Seacoast Outright has been functioning increasingly as a resource hub for the entire state. We are in conversation with people who are interested in opening Outright chapters. We are working to transform mental health care and access for LGBTQ+ youth, so that every kid who needs it has access to a provider who is competent in the needs of our population. We are training businesses, hospitals and community organizations. We think of our work in a series of circles, and the kids are at the heartbeat of it all.

LS: After years of progress, the past couple years have brought many challenges. Tell us about practicing the “discipline of hope.”

The moment we are in is hard and it is also particularly urgent. We have had legislation filed that is profoundly damaging in particular to transgender youth. But this moment is not the whole story, and we are not in this moment alone. There is a whole community of people working incredibly hard for good. Joan Baez said ‘action is the antidote to despair.’ When we feel our hope is waning, one way to live into that moment is to act. Write to your legislators, volunteer, donate money to the causes you care about. We need each other in this work. As activist Mariame Kaba has said, ‘hope is a discipline.’ It is a thing you have to practice. The moment is hard, but the arc is long. There is so much reason to hope.

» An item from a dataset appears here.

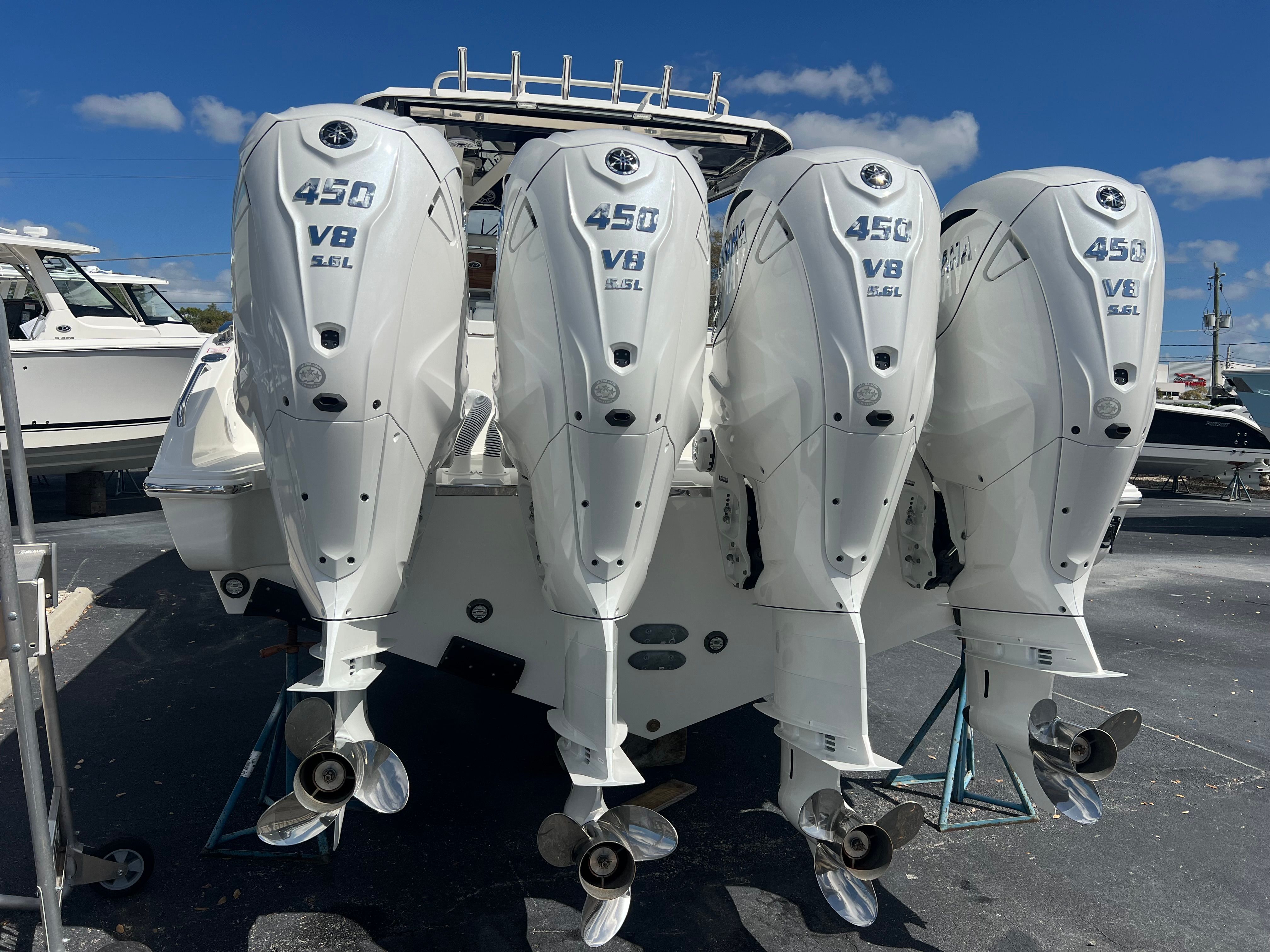 Power and precision are at the heart of the Pursuit S 428. Equipped with four robust engines delivering a combined 1,800 horsepower, this center console boat offers thrilling acceleration, impressive top speeds, and the confidence to tackle offshore conditions with ease. Whether you are chasing the horizon or cruising along the coast, the S 428’s advanced hull design ensures a smooth, stable ride. The quad-engine setup not only provides unmatched performance but also enhances maneuverability and reliability, making every journey both exciting and secure.

LS: What effect have you seen on young people of the proposed anti-LGBTQ+ legislation and challenges to books around the country?

Violent and dehumanizing rhetoric has a very real cost. It isn’t always about ‘does the bill pass or does the bill not pass.’ Listening to your personhood being debated comes at a cost, and sometimes that cost is a young person’s life. We have lost young people to suicide, and the climate this has created is a contributing factor.

LS: What are some ways that people, businesses and organizations can show support for LGBTQ+ young people?

Speak up and speak out. Our kids need to see you and hear you and know you’re on their team. If you are an ally, be loud about it. Now is not the time to be timid. And using the correct pronouns is suicide prevention. It is such an easy and important way to show you see and understand.

LS: What message do you want every LGBTQ+ young person to hear and internalize?

You are so profoundly loved exactly as you are. There is not a thing wrong with you, and there are so many people ready to embrace and care for and support you. And we will not stop working for a world were you can live and thrive and be exactly who you are.